Stored items

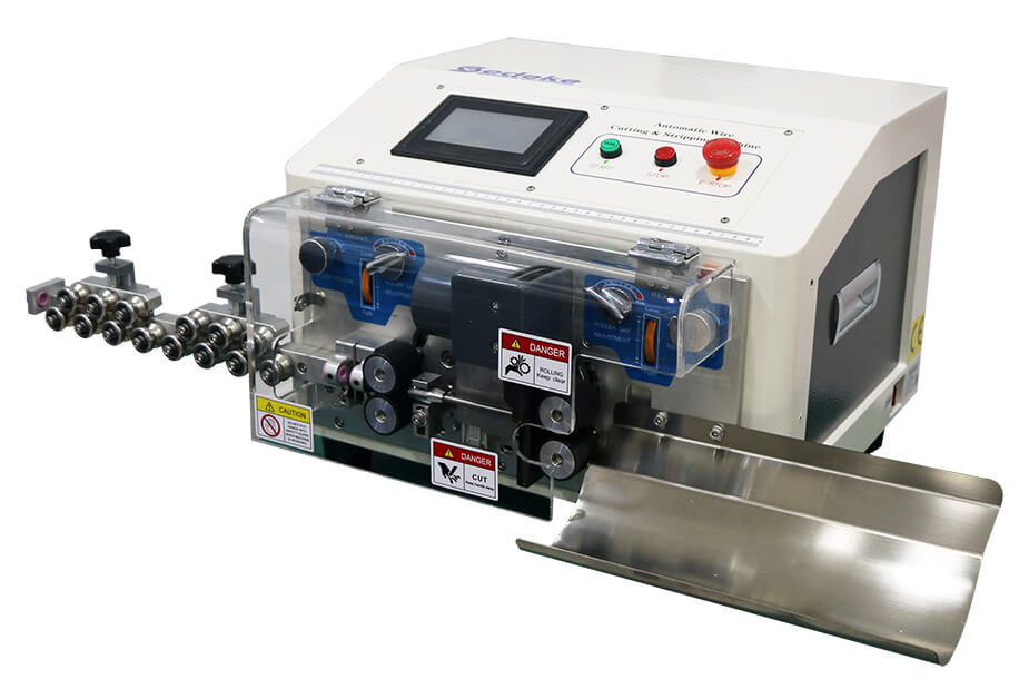 Sedeke ESC-BX8S — это автоматическая машина для резки и зачистки кабелей в оболочке, также называемая машиной для зачистки многожильных кабелей. Машины для зачистки многожильных кабелей используются в автоматизированных линиях по обработке проводов и кабелей для быстрого и точного одновременного снятия изоляции с нескольких жил кабеля. Обычно они имеют несколько лезвий для зачистки, которые можно регулировать в зависимости от размера кабеля и толщины изоляции.
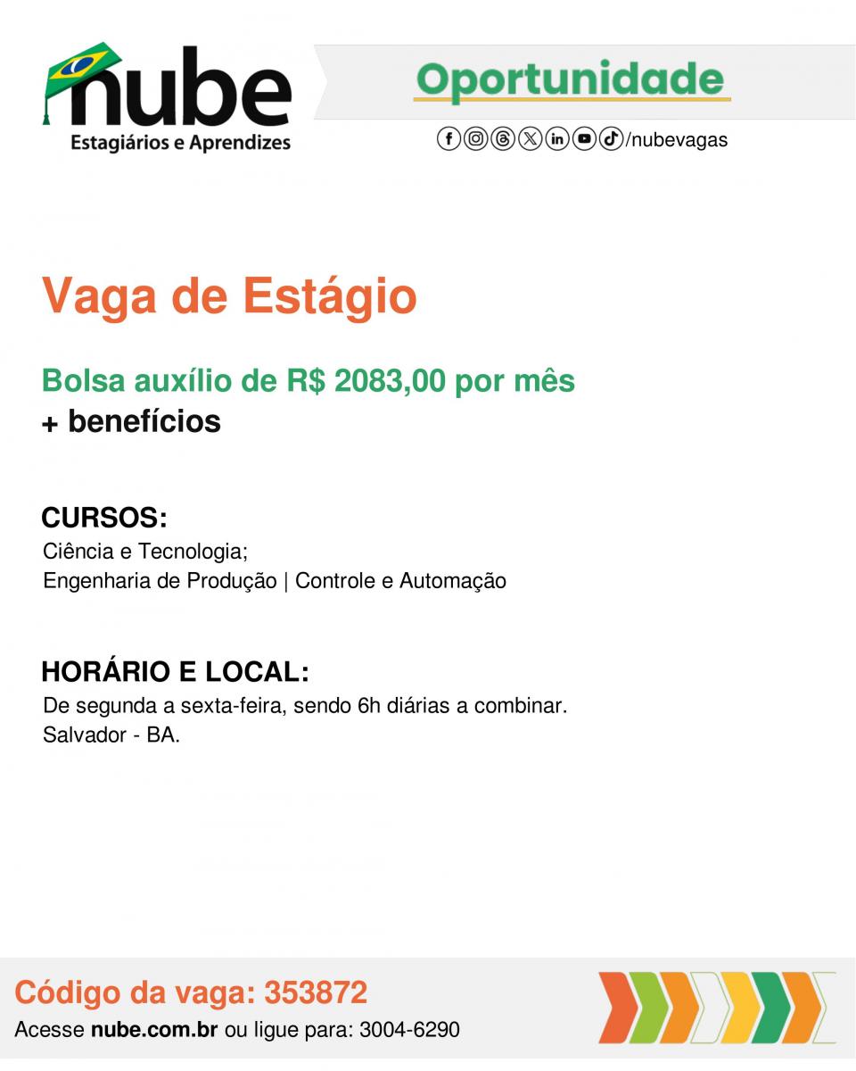 Vaga de Estágio - Engenharia de Produção / Controle e Automação
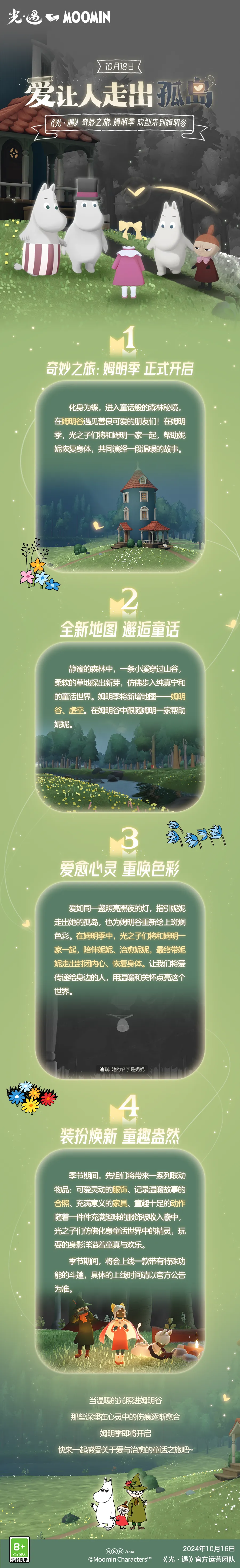 爱让人走出孤岛丨奇妙之旅:姆明季更新内容公告是泽哦发布于 2024-10-16关注奔向山谷拥抱森林与溪流光愈心灵让爱陪伴成长📖奇妙之旅:姆明季将于10月18日维护后正式开启请旅人们仔细阅读更新公告,了解更多季节信息✨童话书正静候旅人前来阅读10月18日 姆明谷见~@Moomin姆明官方 姆明季攻略汇总
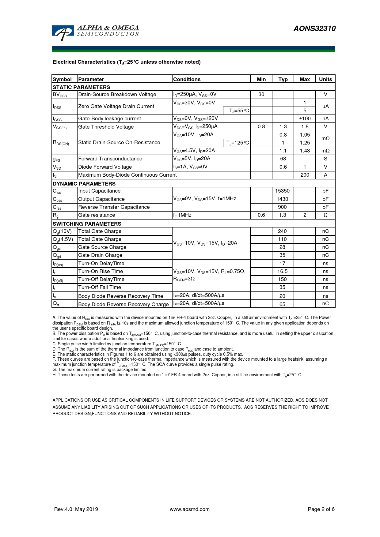 AONS32310Electrical Characteristics (TJ=25°C unless otherwise noted)SymbolParameterConditionsMinTypMaxUnitsSTATIC PARAMETERS BV =250μA, V DSS Drain-Source Breakdown Voltage ID GS=0V 30 V VDS=30V, VGS=0V 1 I Zero Gate Voltage Drain Current μA DSS TJ=55°C 5 I Gate-Body leakage current V GSS DS=0V, VGS=±20V ±100 nA VGS(th) Gate Threshold Voltage VDS=VGS, ID=250mA 0.8 1.3 1.8 V VGS=10V, ID=20A 0.8 1.05 mΩ RDS(ON) Static Drain-Source On-Resistance TJ=125°C 1 1.25 VGS=4.5V, ID=20A 1.1 1.43 mΩ g V FS Forward Transconductance DS=5V, ID=20A 68 S V I SD Diode Forward Voltage S=1A, VGS=0V 0.6 1 V IS Maximum Body-Diode Continuous Current 200 A DYNAMIC PARAMETERS Ciss Input Capacitance 15350 pF C Output Capacitance V oss GS=0V, VDS=15V, f=1MHz 1430 pF Crss Reverse Transfer Capacitance 900 pF Rg Gate resistance f=1MHz 0.6 1.3 2 Ω SWITCHING PARAMETERS Qg(10V) Total Gate Charge 240 nC Qg(4.5V) Total Gate Charge 110 nC VGS=10V, VDS=15V, ID=20A Qgs Gate Source Charge 28 nC Qgd Gate Drain Charge 35 nC tD(on) Turn-On DelayTime 17 ns tr Turn-On Rise Time VGS=10V, VDS=15V, RL=0.75W, 16.5 ns t R D(off) Turn-Off DelayTime GEN=3W 150 ns tf Turn-Off Fall Time 35 ns trr Body Diode Reverse Recovery Time IF=20A, di/dt=500A/ms 20 ns Qrr Body Diode Reverse Recovery Charge IF=20A, di/dt=500A/ms 65 nC A. The value of Rq is measured with the device mounted on 1in2 FR-4 board with 2oz. Copper, in a still air environment with T =25°C. The Power JA A dissipation P is based on R t≤ 10s and the maximum allowed junction temperature of 150°C. The value in any given application depends on DSM qJA the user's specific board design. B. The power dissipation P is based on T =150°C, using junction-to-case thermal resistance, and is more useful in setting the upper dissipation D J(MAX) limit for cases where additional heatsinking is used. C. Single pulse width limited by junction temperature T =150°C. J(MAX) D. The Rq is the sum of the thermal impedance from junction to case R and case to ambient. JA qJC E. The static characteristics in Figures 1 to 6 are obtained using <300ms pulses, duty cycle 0.5% max. F. These curves are based on the junction-to-case thermal impedance which is measured with the device mounted to a large heatsink, assuming a maximum junction temperature of T =150°C. The SOA curve provides a single pulse rating. J(MAX) G. The maximum current rating is package limited. H. These tests are performed with the device mounted on 1 in2 FR-4 board with 2oz. Copper, in a still air environment with T =25°C. A APPLICATIONS OR USE AS CRITICAL COMPONENTS IN LIFE SUPPORT DEVICES OR SYSTEMS ARE NOT AUTHORIZED. AOS DOES NOT ASSUME ANY LIABILITY ARISING OUT OF SUCH APPLICATIONS OR USES OF ITS PRODUCTS. AOS RESERVES THE RIGHT TO IMPROVE PRODUCT DESIGN,FUNCTIONS AND RELIABILITY WITHOUT NOTICE. Rev.4.0: May 2019 www.aosmd.com Page 2 of 6
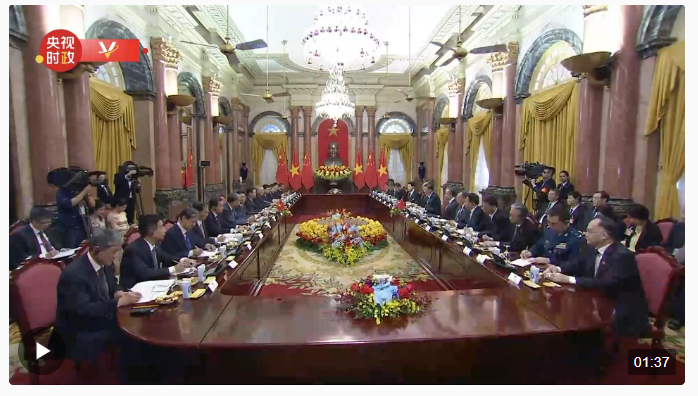 習(xí)近平指出,這是我擔(dān)任中共中央總書記、國家主席以來第三次對越南進(jìn)行國事訪問,是對去年10月阮富仲總書記訪華的回訪,也是今年我對外訪問的收官之旅,充分表明中越關(guān)系在中國外交布局特別是周邊外交中的特殊地位。
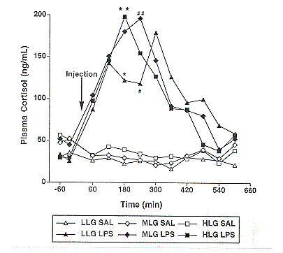 Cortisol, a hormone induced by stress, acts to partition nutrients away from muscle and adipose tissue to allow the animal to cope with disease stress. LPS significantly increased cortisol concentrations in the three genetic lines (Figure 5). With the exception of one time point, there was no significant difference between genotypes in cortisol concentrations following the saline or LPS injection. LPS injection also caused a reduction in glucose concentration in all three lines compared to basal concentrations (Figure 6). This reduction was much more profound in the LLG pigs (P<.05). The reduction in blood glucose that occurs following an immune challenge in rodents has been attributed to a decrease in glucose production and output by the liver, and an increase in glucose uptake by tissues containing high numbers of immune cells. One study found higher glucose uptake in tissues of rats with increased tolerance to an LPS challenge (Spolarics and Spitzer, 1995). It is possible that the greater reduction in blood glucose concentrations in the LLG pigs is due to a higher level of glucose uptake into peripheral tissues, making this line more tolerant to the LPS injection. Other researchers have obtained similar reductions in blood glucose concentrations using slightly lighter pigs (130 to 200 lb) and a slightly lower dose of LPS (20 mg/kg BW). In these pigs, blood glucose concentrations decreased between 2 and 4 hours after the challenge (Myers et al., 1997).
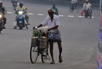 A photo taken by me this morning at busy Mount Road .. .. rare sight these days .. an elderly man pushing his cycle laden with some groceries and vegetables .. .. would have been a very ordinary sight a few decades ago! Perhaps not any longer. Chennai Metropolis bustles with traffic – one finds so many vehicles of various hues with tens of thousands of people on the roads all time.
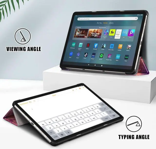 Folding cover transforms the case to be a stand with two comfortable viewing angles: Watching/view angle and typing angle.
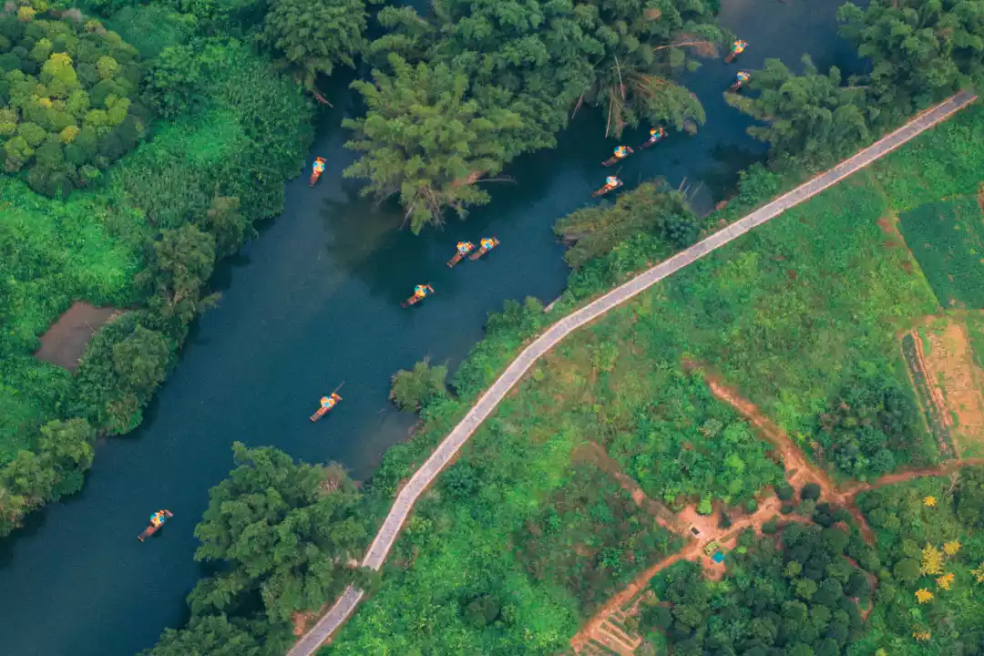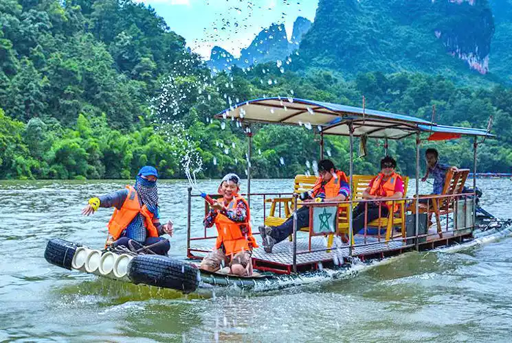 Compared with luxury cruise ships, bamboo rafts capture the most essential part of them. Sitting on a bamboo raft is like traveling in a painting. Listening to the raftsmen telling stories and feeling the leisurely breeze on your face is also a rare experience.
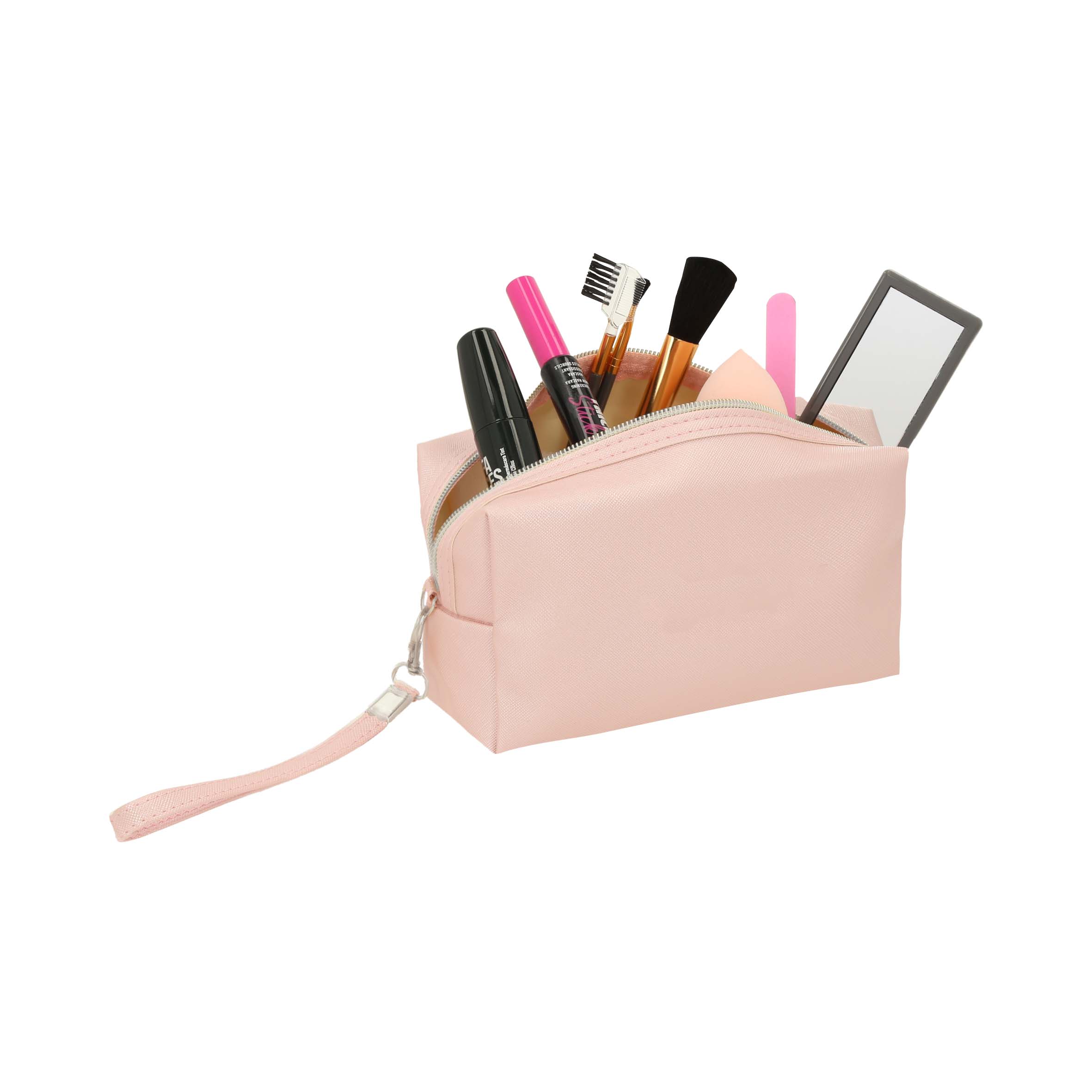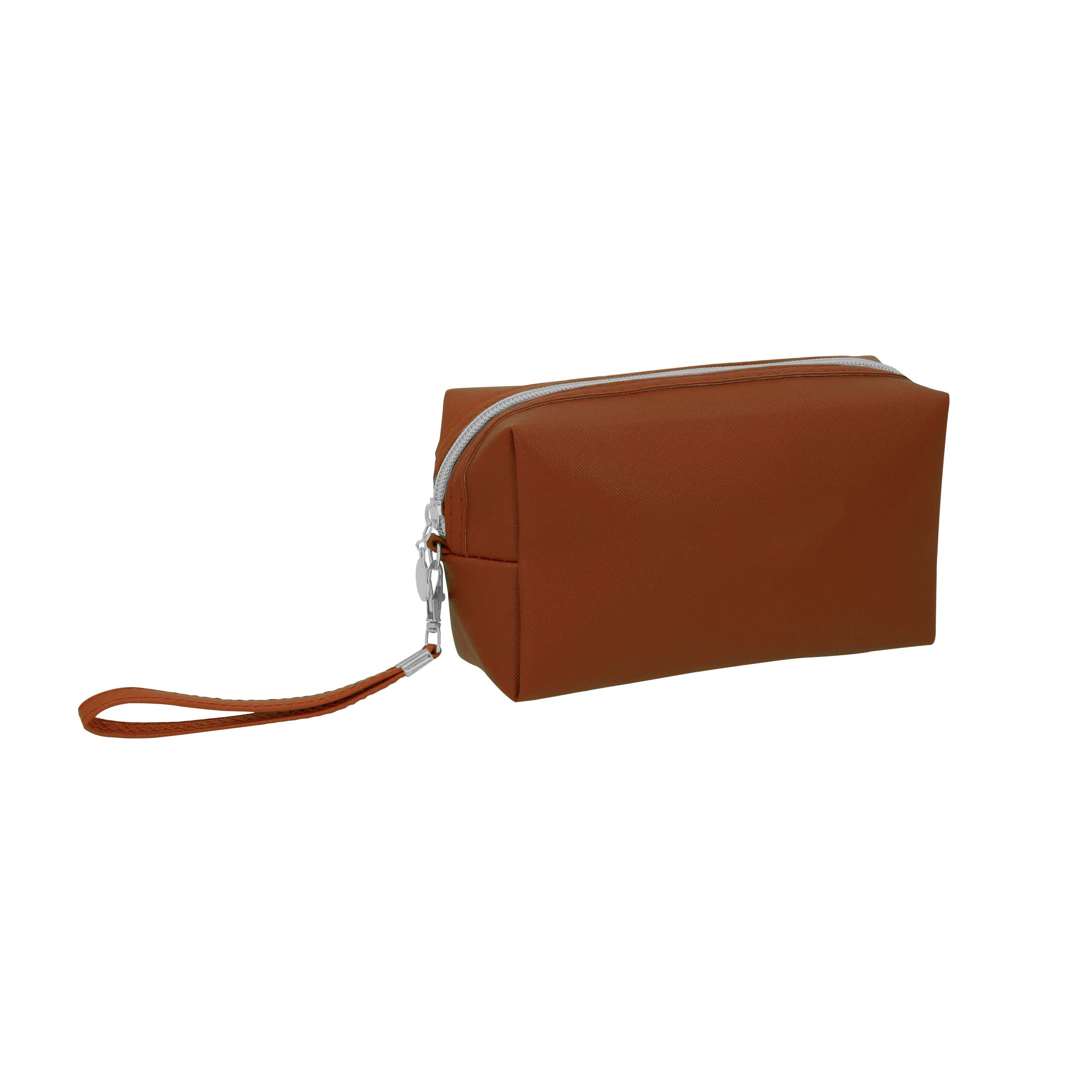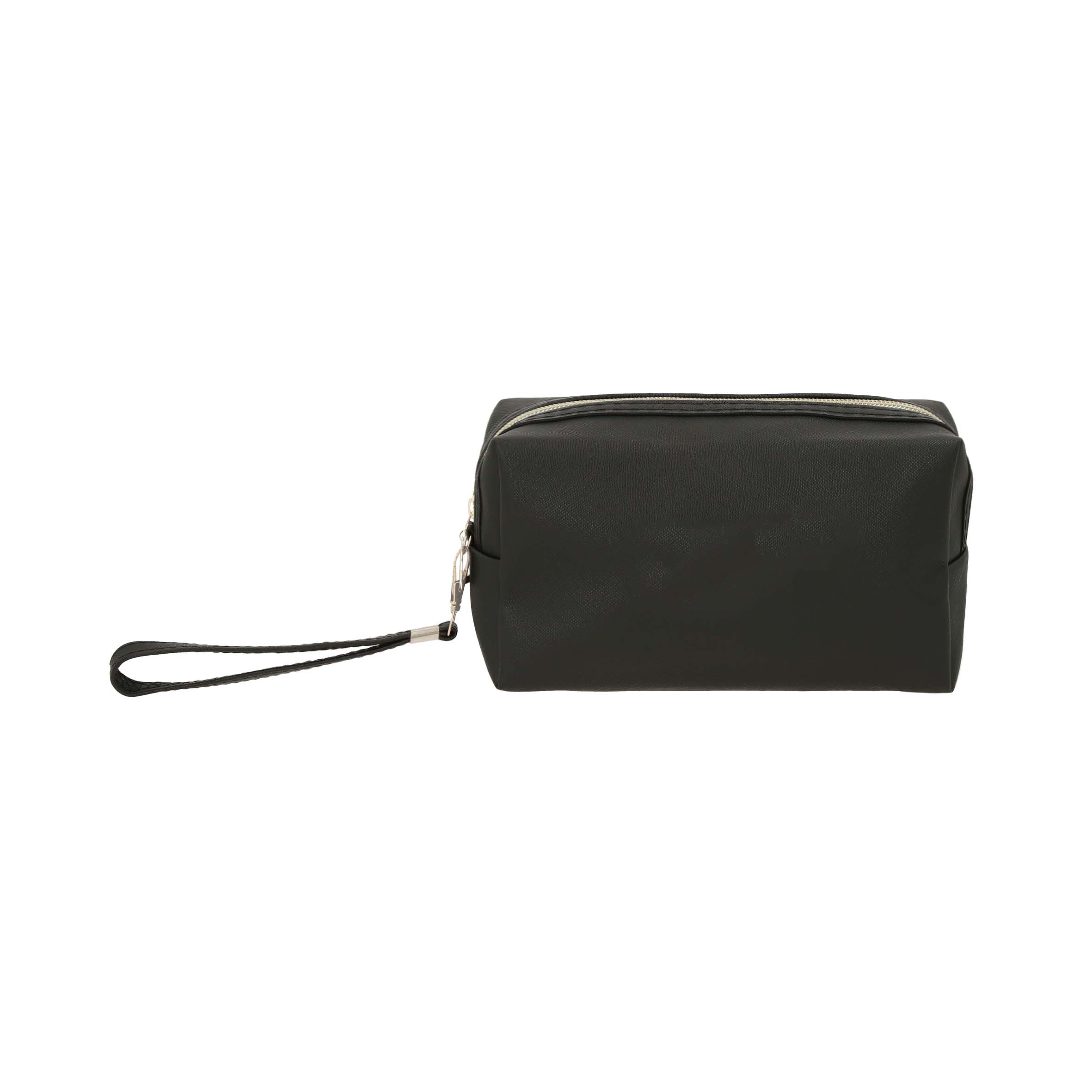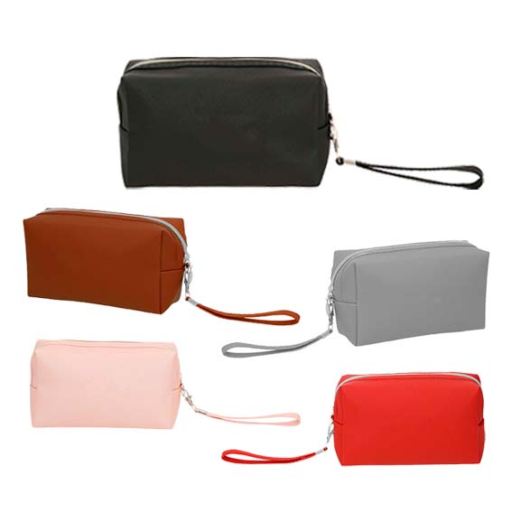 Cosmetiquera de curpiel con forro interior y correa.

▸ **TASK ITEM**
I would like you to retype exactly the lines running from the one containing "A photo taken" to the last line of the entries, both included, leaving all pictures out.

▸ **OUTPUT OF THE TASK**
 A photo taken by me this morning at busy Mount Road .. .. rare sight these days .. an elderly man pushing his cycle laden with some groceries and vegetables .. .. would have been a very ordinary sight a few decades ago! Perhaps not any longer. Chennai Metropolis bustles with traffic – one finds so many vehicles of various hues with tens of thousands of people on the roads all time.
 Folding cover transforms the case to be a stand with two comfortable viewing angles: Watching/view angle and typing angle.
 Compared with luxury cruise ships, bamboo rafts capture the most essential part of them. Sitting on a bamboo raft is like traveling in a painting. Listening to the raftsmen telling stories and feeling the leisurely breeze on your face is also a rare experience.
 Cosmetiquera de curpiel con forro interior y correa.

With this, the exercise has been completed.